This document describes the layout of data on the disk drive for a ChromiumOS device and the process by which the OS is booted.
Goals for the drive partitioning scheme are as follows:
Goals for the boot process are as follows:
ChromiumOS is essentially a specially-tailored GNU/Linux distribution. We want to make as few modifications to the upstream kernel as possible, ideally none. But as with any other GNU/Linux system, the pre-kernel boot process is unavoidably dependent on the hardware, BIOS, and bootloader.
Both ARM and (recent) x86 devices use U-Boot as their bootloader. On x86 we use Coreboot to set up RAM and load U-Boot. You can find an overview of the verified boot process in the U-Boot Porting Guide. U-Boot still uses the EFI partition table described below.
Legacy boot for x86 Linux has three steps:
Legacy BIOSes will continue to boot ChromiumOS from the MBR. The ChromiumOS build process places GPT-aware boot sector code from syslinux in the MBR. That code can specify one GPT partition to boot, indentified by a matching UniquePartitionGUID field in the Partition Entry Array.
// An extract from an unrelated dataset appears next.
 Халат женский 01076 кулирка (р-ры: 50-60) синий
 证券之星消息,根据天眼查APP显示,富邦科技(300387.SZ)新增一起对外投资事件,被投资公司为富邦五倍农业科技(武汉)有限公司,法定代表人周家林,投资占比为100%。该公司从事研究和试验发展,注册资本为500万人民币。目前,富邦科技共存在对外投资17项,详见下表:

We use partition 12 for this purpose. The second-stage syslinux bootloader is installed on that partition, along with its corresponding config file (/syslinux/syslinux.cfg). We have a tool and scripts that can change the boot partition GUID in the MBR when we need to select an alternate boot path.
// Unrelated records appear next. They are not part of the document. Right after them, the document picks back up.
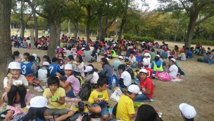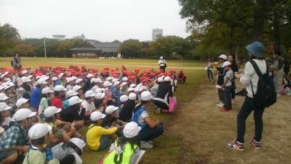 全校で大阪城公園へ出かけました。高学年がリーダーとして下級生をまとめての、たて割班活動を実施しました。それぞれが協力し、公園内をオリエンテーリングで楽しみました。昼のお弁当も、たて割班で食べました。
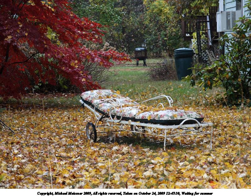Picture #99: Waiting for summer 800x623, 181,530 bytes (178K), (html file) Copyright, Michael Meissner 2009, All rights reserved Olympus E-3 camera with Olympus 14-54mm f/2.8-3.5 lens f/3.5, ISO 500, 1/100 sec, 54.0mm, auto mode, natural color, matrix metering, IS1 (All Direction Shake IS) 35mm equivalent focal length 108.0mm Programs used: gimp Taken by Michael Meissner on October 24, 2009 12:47:30 Last modified on October 28, 2009 at 09:37 |
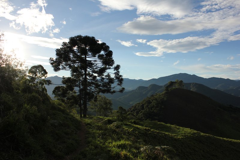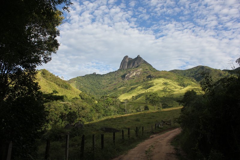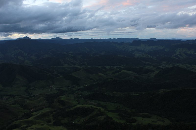 Il est 15h30 lorsque je fini mon sac : c'est déjà tard ! Je commence une course contre la montre : il faut absolument que je sois là-haut avant le coucher du soleil, pour m'installer à la lumière du jour et surtout pour tirer le portrait au crépuscule. Après 10min d'autoroute, je m'engage sur la RJ-163 : véritable circuit de rally -asphalte- qui slalome entre les collines. Puis j'attaque l'ascension de 10km qui me permet de passer dans la vallée de Maua. En haut du col, la vallée est superbe, éclairée par une superbe luminosité d'après-midi. Pas de temps à perdre : je glisse vers Visconde de Maua et oblique à droite vers la piste : avec les averses de ces dernières semaines la route est détrempée et défoncée. Garé sur un carré d'herbe au pied de la montagne, je chausse mes baskets, charge mon sac et m'élance à grands pas. Sous le soleil déclinant, le paysage ne s'assombrit pas, mais se contraste, comme pendant les premiers après-midi d'automne. Si je ne connaissais pas le rocher, je resterais ici pour le reste de la soirée... Mais il ne faut pas se fier à cette lumière : d'ici une heure le soleil sera derrière les montagne et la vallée noyée dans l'obscurité.
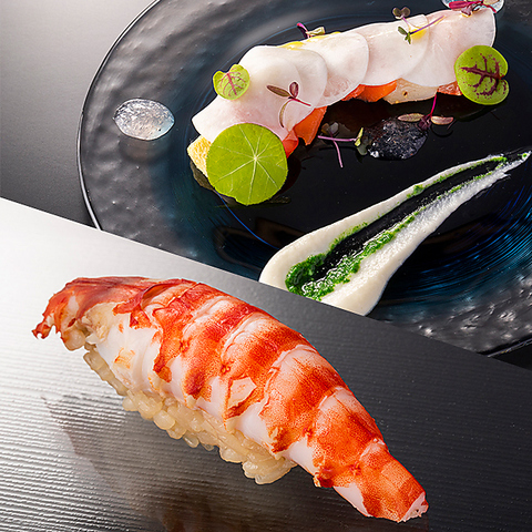 厳選された新鮮な握りと逸品料理を織り交ぜたコースをご用意しております。ランチは6000円(税込)から、ディナーは13000円(税込)から楽しめます。ひと手間加えた海産物を使用し、一番良い状態で味わっていただける料理と共に、旬のお酒もご用意。特別なひとときをお過ごしくださいませ。
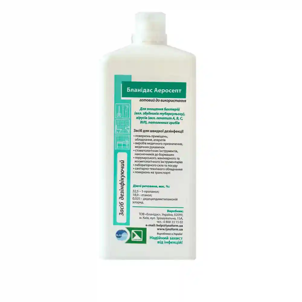 Состав: 1 пропанол -32,5%, этанол-18%, дидецилдиметиламония хлорид.
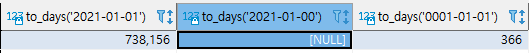 TO_DAYS 함수는 입력된 날짜 값의 포맷이 잘못돼 있다면 NULL을 반환할 수도 있다. 이렇게 MySQL의 파티션 키가 TO_DAYS()와 같이 NULL을 반환할 수 있는 함수를 사용할 때는 쿼리의 실행 계획에서 partitions 컬럼의 테이블의 첫 번째 파티션에 포함되기도 한다. range 파티션을 사용하는 테이블에서 NULL은 항상 첫 번째 파티션에 저장되기 때문에 실행 계획의 partitions 컬럼에 첫 번째 파티션도 함께 포함된다. 하지만 실제 필요한 파티션과 테이블의 첫 번째 파티션이 함께 partitions 컬럼에 표시된다 하더라도 성능 이슈는 없다.
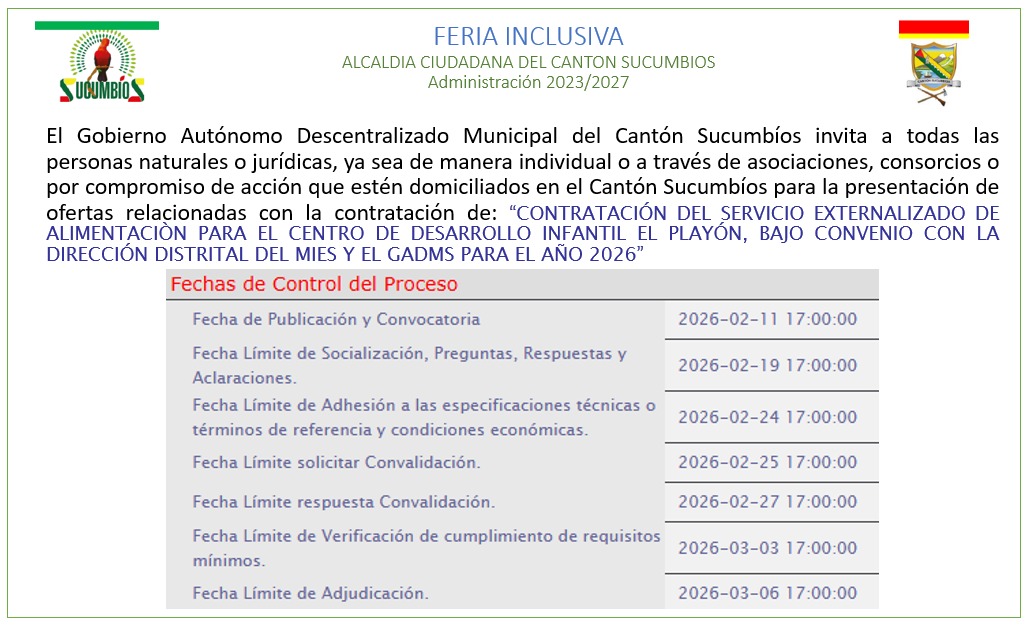 • Feria Inclusiva: Contratación del Servicio Externalizado de Alimentación para el Centro de Desarrollo Infantil el Playón, bajo convenio con la Dirección Distrital del MIES Y EL GADMS para el año 2026

Virtualized systems (vmware, qemu, etc.) typically have their own legacy BIOS implementations and will use this method to boot ChromiumOS images.
The Extensible Firmware Interface is a BIOS replacement originally developed by Intel® for its Itanium® systems and later expanded to include x86 and other architectures. While not enthusiastically embraced by the Linux kernel developers, it offers some advantages over legacy BIOS and is becoming more widely used, especially for 64-bit x86 systems.
EFI BIOS boots like this:
The ChromiumOS build process creates an EFI System Partition (partition 12) and installs a 64-bit version of grub2 as the bootloader (/efi/boot/bootx64.efi), along with its config file (/efi/boot/grub.cfg). 64-bit EFI BIOSes will use this bootloader. It is possible to also install a 32-bit bootloader in the same partition, but we currently do not do that. To change the boot partition, we just need to edit the grub.cfg file. Note that different EFI BIOSes may have different requirements for the pathname of the bootloader.
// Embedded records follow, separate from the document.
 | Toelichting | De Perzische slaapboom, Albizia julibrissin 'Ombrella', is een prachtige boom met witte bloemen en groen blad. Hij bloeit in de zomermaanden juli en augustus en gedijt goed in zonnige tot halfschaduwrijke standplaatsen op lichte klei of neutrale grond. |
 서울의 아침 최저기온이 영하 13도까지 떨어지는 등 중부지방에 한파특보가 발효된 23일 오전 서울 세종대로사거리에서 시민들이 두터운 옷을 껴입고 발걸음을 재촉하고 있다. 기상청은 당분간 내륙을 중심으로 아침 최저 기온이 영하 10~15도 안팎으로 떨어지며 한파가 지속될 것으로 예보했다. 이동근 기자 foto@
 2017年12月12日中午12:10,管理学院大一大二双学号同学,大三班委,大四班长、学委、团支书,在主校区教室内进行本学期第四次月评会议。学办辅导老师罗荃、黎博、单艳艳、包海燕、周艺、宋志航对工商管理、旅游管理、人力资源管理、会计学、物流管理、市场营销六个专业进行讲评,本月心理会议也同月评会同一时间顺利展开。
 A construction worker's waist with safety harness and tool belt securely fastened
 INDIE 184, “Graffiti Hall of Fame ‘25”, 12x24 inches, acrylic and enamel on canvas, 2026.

Most EFI BIOSes contain a “Compatibility Support Module” component which makes them act like legacy BIOSes, so they may boot either way.
Google ChromeOS devices (x86/x86_64/arm) have custom BIOSes that use yet another boot method to ensure that the user is running only the bits that are intended. Instead of a separate bootloader and kernel, there is one binary blob contained in its own GPT partition. That blob is cryptographically signed and the signature is verified before booting. Under normal conditions, the process is:
The ChromiumOS build process creates signed kernel images needed by the ChromeOS BIOS and installs them in their own partitions. They are signed with test keys that are found in the source tree. Official releases will of course be signed with private Google keys.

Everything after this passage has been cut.